Ich weiß ja, dass hier viele auf Düngen stehen, aber bei uns wird lediglich die Koppel (dieses Jahr vergessen ) und evtl. noch das Gemüsebeet gedüngt.
Alles andere ist Selbstversorger.
Kommt natürlich auch auf den vorhandenen Boden an, aber im Vorgarten und im Hof ist der soo gut auch nicht, da per LKW gekommen.
Das Einzige, was meine Rosen Ende August/Anfang September bekommen, ist eine kleine Gabe Kali-Magnesia.

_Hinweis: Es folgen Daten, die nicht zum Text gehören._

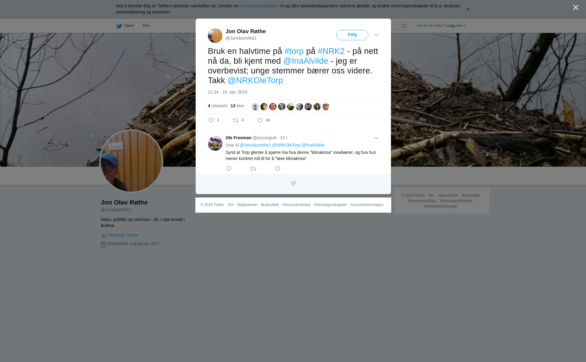 RT @Jonolavrothe1: Bruk en halvtime på #torp på #NRK2 - på nett nå da, bli kjent med @InaAlvilde - jeg er overbevist; unge stemmer bærer oss videre. Takk @NRKOleTorp

Das sorgt abgeblich für ein besseres Ausreifen der Triebe und damit eine verbesserte Winterfestigkeit.
Komisch  , mir hat es diesen Winter trotzdem 2-3 Rosen durch den Frost bis kurz vor Bodenhöhe "gekürzt". 
Soviel zum Thema Rosenhecke. 

Das letzte Deiner Bilder erinnert mich stark an den Schaden bei Jürgens Rose, welcher sich als Salz- = Düngeschaden herausstellte. 
https://www.hobby-gartenteich.de/xf/threads/17394/?q=rose



Hier mal unser (ungedüngtes) Rosenstämmchen. 
 
Meine stachelige, äußerst gesunde Lieblingsrose mußte dafür im Sommer 2007 einige Augen lassen, d.h. es war eine Auftragsveredelung. 
Im Herbst 2008 durfte ich sie endlich abholen und sie wächst bisher wie gewünscht. 
Bald wird sie nach unten überhängende Triebe voller Blüten haben - hoffe ich.

Irgendwann bekommt sie sicherlich auch noch eine schönere Stütze.


----------